Fostering effective data stewardship towards competitive advantage and sustainability
In the current time, agility links to both competitive advantage and sustainability:
- The ability to do things differently, more effectively and/or efficiently, unlocking new value, such as new business models, etc
- The ability to holistically embed new sustainability requirements, and associated experimentation to unlock new solutions
- The ability to effectively implement change, do things differently, and ultimately outperform competitors when accelerating time to market and / or wining new market shares
In seeking organizational agility, mature OEMs can ring-fence pilot projects to experiment ‘outside the box’ they currently operate in, thereby removing legacy constraints and contextual barriers to change. In practical terms, this can translate into a combination of two concurrent strategies in:
- Optimizing what already exists, becoming more agile without re-inventing the wheel
- Introducing skunk projects or shadowed operations to experiment on removing existing barriers, thus opening the door to implementing new product-service ideas and operating models
This implies building new NPD variations or enhancing the existing framework with agile-based delivery models, governance, and tactical operational tools to get digital fast without compromising data continuity requirements. Furthermore, though stage-gate events might not disappear, they do not have to remain the bottleneck for decision-making culmination. Waterfall-driven gateway events often drive the wrong behaviors and outcomes with teams that ‘use the process’ as a collaborative tool, rather than proactively connecting with other functions and teams to effectively and timely solve problems.

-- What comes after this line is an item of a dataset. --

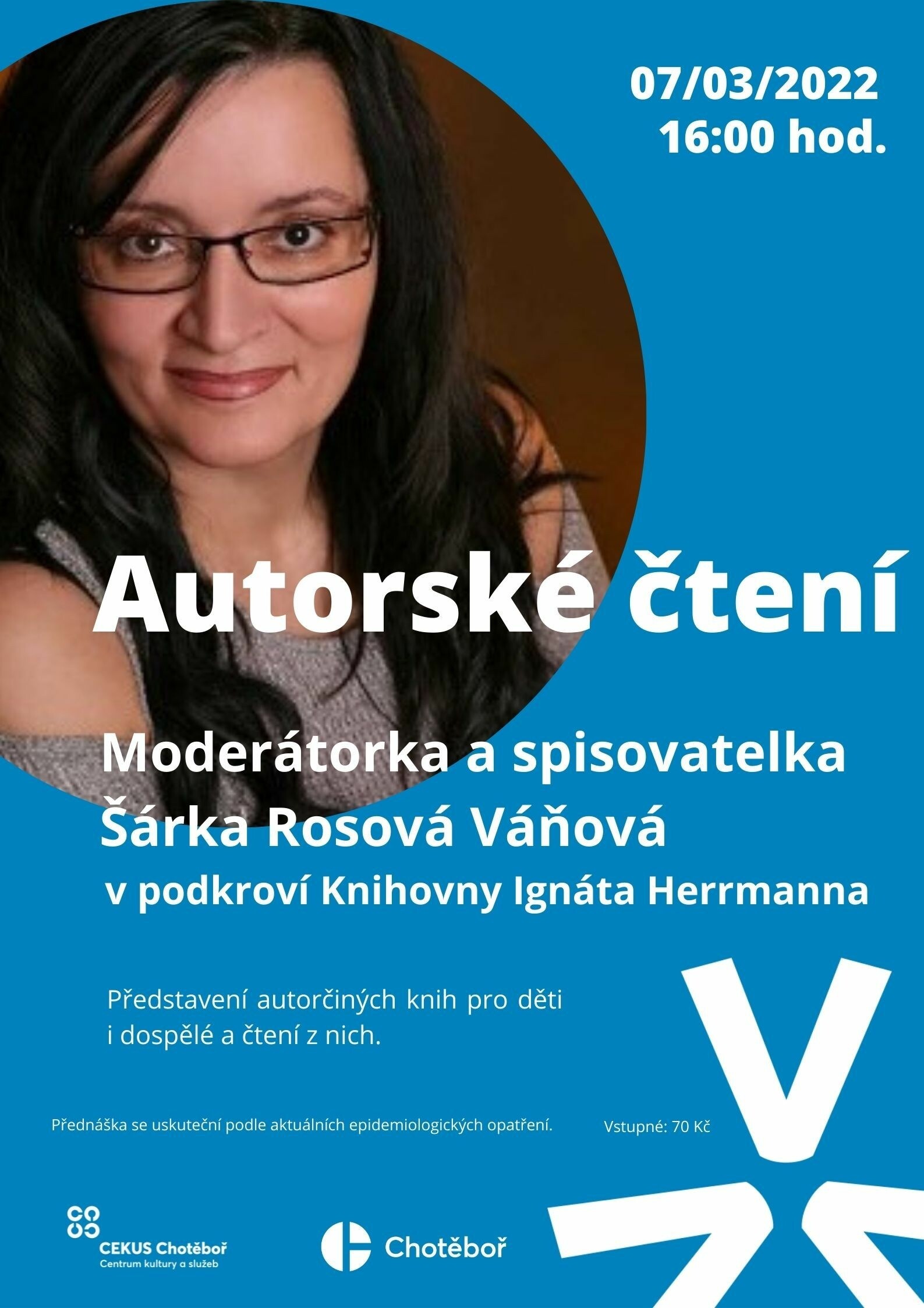 Autorské čtení moderátorky a spisovatelky Šárky Rosové Váňové, představení autorčiných knih pro děti i dospělé a čtení z nich, vstupné 70 Kč.
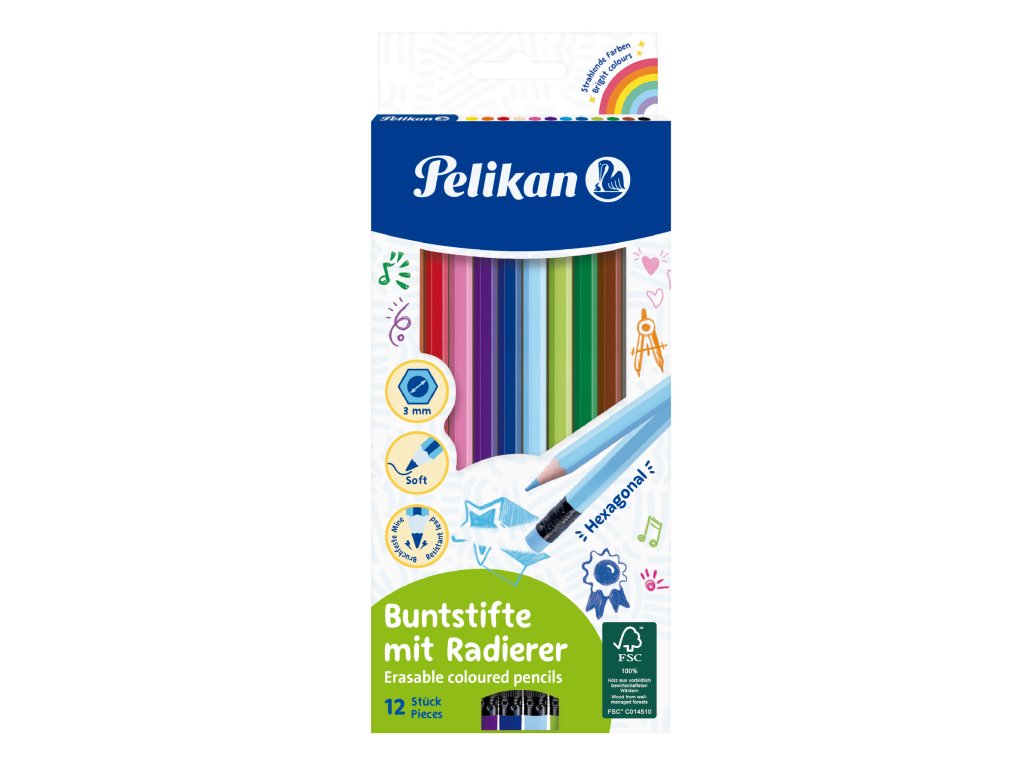 šestihranné tenké, s barevnou gumou na každé tužce, lakované, odolné proti zlomení, kvalitní tuha o síle 3 mm, lesní certifikace FSC, v krabičce na blistru, Pelikan

Pushing boundaries: new business models, from digitalization, sustainability and servitization
Such approaches to experimentation can be described as more entrepreneurial - perhaps initially riskier due to the mindset shift - but certainly more rewarding, requiring role-based leadership and proactive engagement across all stakeholders. These are typical patterns observed in start-ups as they strive to make things happen with limited operating barriers and avoiding bureaucratic processes and tools.
For established OEMs, a change in existing practices will certainly imply a change of enterprise architecture and master data structure. For example, complex engineering and manufacturing operations rely on global sourcing networks and agile supply chains vulnerable to external market conditions ranging from inter-industry rivalry to implications from the latest pandemic. Accordingly, new operating models could include the need for collaboration tools to track deliverables, focusing on supplier-customer performance management rather than resource supervision.
In such context, Hallstedt et al. (2020) highlighted transformational implications to the manufacturing industry from digitalization, sustainability, servitization and their interconnectivity—which directly affects product-service development practices. Such context is illustrated with the following figure, highlighting the underlying convergence of information technology (IT) and operating technology (OT) to ensure reliable data exchange.
Above: Increasing connections between sustainability, digitalization, product-service system, servitization, circularity, Industry 4.0, IoT and information technologies which continue to shape or reshape how engineering and manufacturing organizations operate (image credit: Hallstedt et al., 2020)Finally, these business trends translate into system-centric requirements for data continuity, enterprise integration, change and knowledge management across functions and teams.
What are your thoughts?
References
Hallstedt SI., Isaksson O, Öhrwall Rönnbäck A (2020); The Need for New Product Development Capabilities from Digitalization, Sustainability, and Servitization Trends; Sustainability, 12(23), 10222.
Aghina W, Ahlback K, De Smet A, Lackey G, Lurie M, Murarka M, Handscomb C (2018); The five trademarks of agile organizations; McKinsey.